Marilyn Jager Adams

Dr. Marilyn Jager Adams (born December 14, 1948) is a specialist in cognition and education. She holds the position of Visiting Scholar at Brown University.[1]

Biography

Adams received a Ph.D. from Brown University in cognitive psychology and developmental psychology

Career

Adams chaired the Planning Committee and was a member of the Study Committee for the National Research Council's report, Preventing Reading Difficulties in Young Children (1998). She has been on the Planning or Steering Committee for National Assessment of Educational Progress (NAEP) Reading Assessment since 1992. She was on the Advisory Panel for the 2003 National Assessment of Adult Literacy (NAAL) and has been given responsibility with developing a vocabulary module for the 2013 NAAL. She is working on this task in collaboration with Kathryn Spoehr, of Brown University .

Adams was Senior Author of the Kindergarten and Grade 1 levels of Open Court Publishing Company's 1995 reading and writing program, "Collections for Young Scholars"; the research-documented efficacy of this program (Foorman et al., 1998) was an impetus for the focus on better classroom reading programs within the Reading First component of the No Child Left Behind Act.

Adams was the Principal Scientist of Phonics Instruction of Scholastic Inc.’s phonics intervention and foundational reading program “System 44”; which combines research-based phonics instruction with adaptive technology. She also designed the continuous scope and sequence for Scholastic Inc.’s K-2 foundational literacy program, “iRead”; which draws upon her experience as an architect of the Common Core State Standards to ensure that every student leaves second grade on a predictable path to college and career readiness.

Other instructional resources of which she was principal author are "Phonemic Awareness in Young Children" (1997) for emergent and remedial reading students, CTB/McGraw-Hill's "Fox in a Box," an award-winning, standards-based literacy assessment kit, and "Odyssey: A Curriculum for Thinking," a research-validated program on thinking skills originally developed for the Republic of Venezuela.

Adams has served as Literacy Advisor for "Sesame Street" and has been Senior Advisor for Instruction for PBS's "Between the Lions" since its inception. She is currently a Visiting Professor in the Cognitive and Linguistic Sciences Department at Brown University and Chief Scientist at Soliloquy Learning, a software company which she co-founded in 2000 to use automated speech recognition to support learning to read. The firm's software is called the Soliloquy Reading Assistant. The Reading Assistant software was acquired by Scientific Learning in 2008.

In 2013, :[2] she published what is probably her best-known book, ABC Foundations For Young Children, in which she presented evidence proof that most American children finishing first-grade still can't name and write all of the alphabet letters. Her other books include the landmark book, Beginning to Read: Thinking and Learning About Print (1990).

Honors

Adams was cited in the 2001 Politics of Education Yearbook as one of the five most influential people in the national reading policy arena (McDaniel et al., 2001). She is the recipient of the American Educational Research Association's Sylvia Scribner Award for outstanding research.

References

1. Adams, M. J. (1990). Beginning to Read: Thinking and Learning about Print. Cambridge, MA: The MIT Press.
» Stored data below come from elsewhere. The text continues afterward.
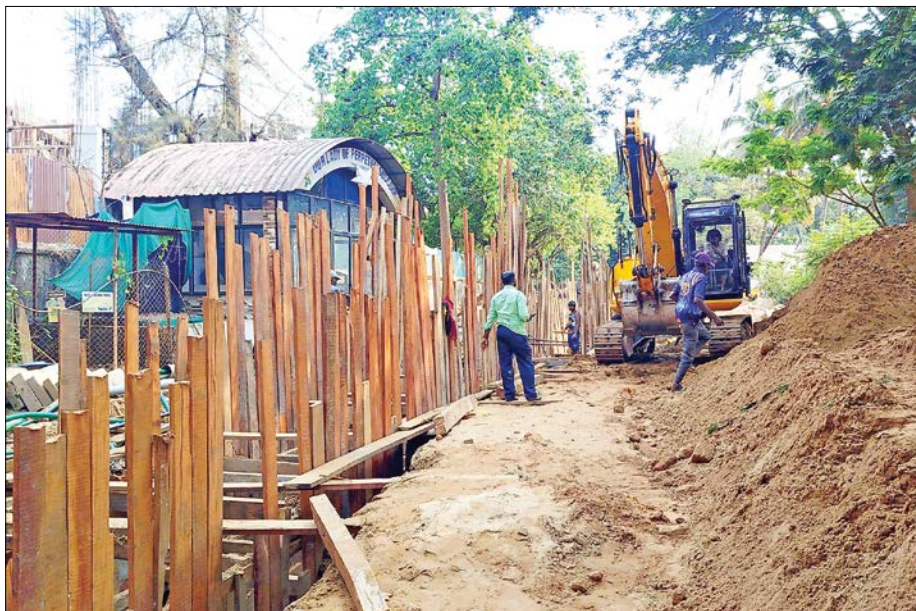
The road at Taad Maad, St Inez continues to be in a deplorable condition. (Top right) The rubble along the incomplete road near the Panjim Police Station. (Below) The incomplete concrete road near Rua de Ormuz

ing the one from Cafe Bhonsle to Mascarenhas Building are left open with poorly patch work and incomplete drainage system. The roads which are left incomplete include General Bernardo Guedes road (from municipal market to Geeta Bakery), M G Road (Mascarenhas building, Delhi Darbar, Hotel Vinanti), Atmaram Borkar Road (EDC Limited, behind Goa College of Pharmacy), and Rua Ismael Gracias (near Signal Training Centre).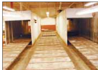
Production Systems Inc Complete In Ground Finishing Line W/Chain & Drives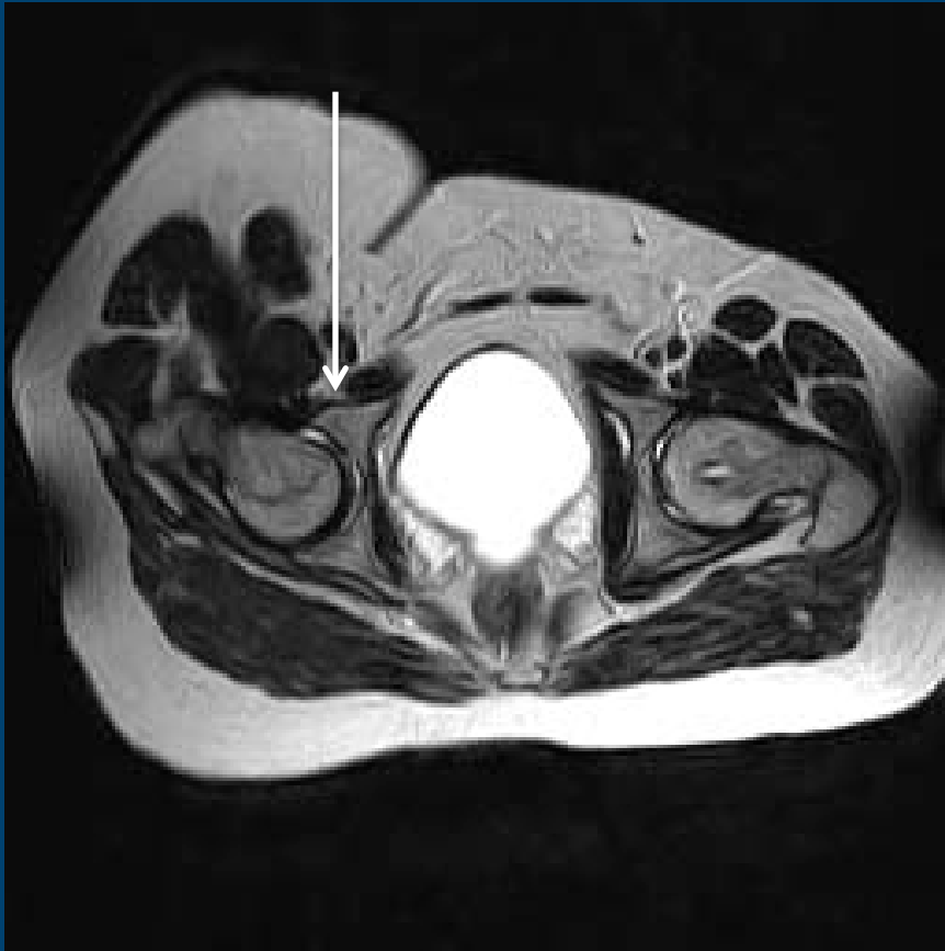
Flexed asymptomatic right hip

2. Adams, M. J., Foorman, B. R., Lundberg, I., & Beeler, T. (1998). Phonemic Awareness in Young Children: A Classroom Curriculum. Baltimore: Paul H. Brookes.

3. http://products.brookespublishing.com/ABC-Foundations-for-Young-Children-P637.aspx 3. Foorman, B.R., Francis, D.J., Fletcher, J.M., Schatschneider, C., and Mehta, P. (1998). The role of instruction in learning to read: Preventing reading failure in at-risk children. Journal of Educational Psychology, 90, 37-55.

4. McDaniel, J.E., Sims, C.H., & Miskel, C.G. (2001). The National Reading Policy Arena: Policy actors and perceived Influence. Educational Policy, 15, 92-114.

5. National Reading Panel (2000). Teaching children to read: An evidence-based assessment of the scientific research literature on reading and its implications for reading instruction. Washington, D.C.: National Institute of Child Health and Human Development.

6. National Research Council. (1998). Preventing reading difficulties in young children. Washington, D.C.: National Academy Press.